> _Exercise_: Using the entries below, write out the line with "NTSB主席在隨後的媒體採訪", the line with "Помимо Barbie, в", and every line in between, exactly as each is written.

> _Input for this task_:

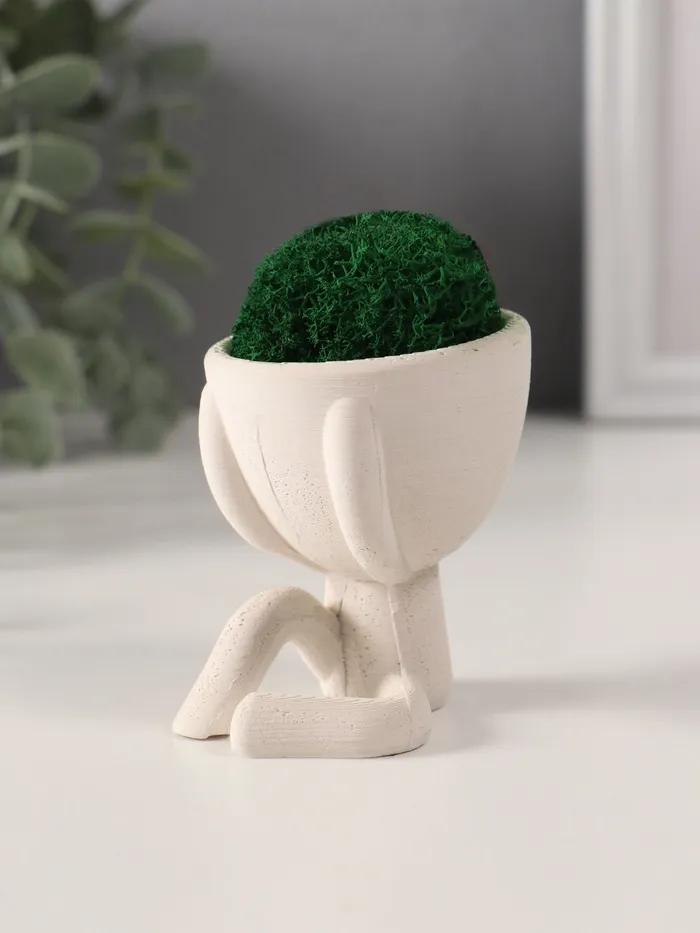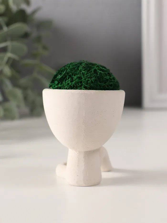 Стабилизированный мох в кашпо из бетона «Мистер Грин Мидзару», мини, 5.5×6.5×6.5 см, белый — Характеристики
...
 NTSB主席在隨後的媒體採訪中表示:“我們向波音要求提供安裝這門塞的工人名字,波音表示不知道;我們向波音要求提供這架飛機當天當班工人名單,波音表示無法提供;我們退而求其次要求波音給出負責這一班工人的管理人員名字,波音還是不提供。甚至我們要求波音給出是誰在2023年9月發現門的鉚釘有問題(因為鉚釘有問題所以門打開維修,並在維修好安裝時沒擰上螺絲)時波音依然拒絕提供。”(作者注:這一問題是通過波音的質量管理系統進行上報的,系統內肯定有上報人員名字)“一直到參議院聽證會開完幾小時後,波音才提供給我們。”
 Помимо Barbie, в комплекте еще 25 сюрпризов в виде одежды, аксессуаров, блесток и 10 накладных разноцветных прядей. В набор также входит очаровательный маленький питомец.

> _Result of this exercise_:
 NTSB主席在隨後的媒體採訪中表示:“我們向波音要求提供安裝這門塞的工人名字,波音表示不知道;我們向波音要求提供這架飛機當天當班工人名單,波音表示無法提供;我們退而求其次要求波音給出負責這一班工人的管理人員名字,波音還是不提供。甚至我們要求波音給出是誰在2023年9月發現門的鉚釘有問題(因為鉚釘有問題所以門打開維修,並在維修好安裝時沒擰上螺絲)時波音依然拒絕提供。”(作者注:這一問題是通過波音的質量管理系統進行上報的,系統內肯定有上報人員名字)“一直到參議院聽證會開完幾小時後,波音才提供給我們。”
 Помимо Barbie, в комплекте еще 25 сюрпризов в виде одежды, аксессуаров, блесток и 10 накладных разноцветных прядей. В набор также входит очаровательный маленький питомец.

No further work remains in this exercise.